重要なのは、出産する本人の希望を優先すること。出産を控えた女性はさまざまな不安を抱えています。意見や価値観を頭から否定するのではなく、無痛分娩についてきちんと理解して、本人の意思を尊重してあげる姿勢が大切です。
出産祝いを渡す
ただでさえ何かと出費の多いお産ですが、無痛分娩を選択すると費用がさらに高くなります。出産後子育てしていくことも踏まえ、物入りになるケースも多いでしょう。
出産祝いを渡し、金銭面でのサポートをしてあげるのもひとつの方法です。親からの出産祝いは生後1週間~1ヵ月の間に渡すのが目安とされています。しかし、家庭によっては出産準備金として出産前にお祝いを渡すケースもあるようです。
急な出費でまとまった額が手元にない場合は、ローンに頼るのもひとつの方法です。クレディセゾンの「MONEY CARD(マネーカード)」は、最短即日で出金できるため、急に費用が必要になった際にも安心です。
無痛分娩のお金事情について調べておく
「金銭面のサポートは難しい…」という場合でも、無痛分娩についてのお金の情報を調べておくことはできるでしょう。
例えば、出産費用は保険対象外ですが、無痛分娩費用を含む一連の出産費用が医療費控除の対象であることは意外と知られていません。病院に急いで行く際に使ったタクシー代などが対象になることもあるため、出産に関わるレシートや領収書はすべて保管しておくのがベストでしょう。
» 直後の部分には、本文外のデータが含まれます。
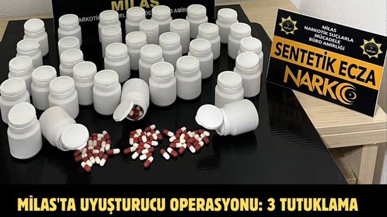 Muğla İl Emniyet Müdürlüğü Narkotik Suçlarla Mücadele Şube Müdürlüğü ekipleri uyuşturucu madde ticaretinin önlenmesine yönelik yürütülen çalışmalar kapsamında Milas ilçesinde operasyon gerçekleştirdi. Yapılan çalışmalarda, kente uyuşturucu madde getireceği değerlendirilen araç ve şüpheliler üzerinde yapılan aramalarda 1.814 adet sentetik ecza ele geçirildi.
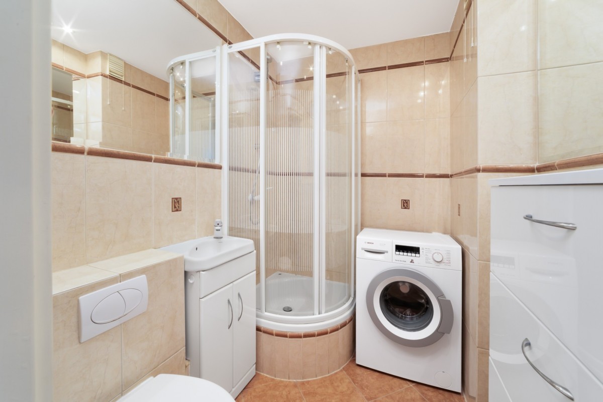 - łazienka z kabiną prysznicową i miejscem na pralkę,
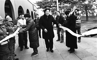 “辞旧岁三羊开泰、迎新春六猴送安”。拿着出自书法大家之手的春联,北京威克冶金有限责任公司的职工们爱不释手。“难得有机会见到这么多著名书法家,我一定得借此机会跟他们学习学习。”一名职工书画爱好者在现场显得十分忙碌,他一边等待书法家们书写“春联”和“福”字,一边向书法家讨教书法技巧……

他にも、以下のような出産に関する制度が設けられています。
- 出産一時金…健康保険に加入していると受け取ることができる
- 出産手当金や傷病手当…まとまった期間働けない場合に受け取ることができる
こうした制度は申請しないと受け取れないケースもあり、知っていなければ損をする可能性もあります。情報を伝えてあげることも、サポートの一環になるでしょう。
おわりに
現在、出産といえば痛みが伴うのが当たり前だった時代から、痛みのない出産という選択肢もある時代へと変化しています。
陣痛の痛みが軽減されるという点はもちろん、産後の回復が早い、リラックスして出産を迎えることができるというメリットも大きいでしょう。頭から否定するのではなく、まずはリスクを含め無痛分娩についてきちんと理解したうえで、出産する本人の気持ちに寄り添う姿勢が大切です。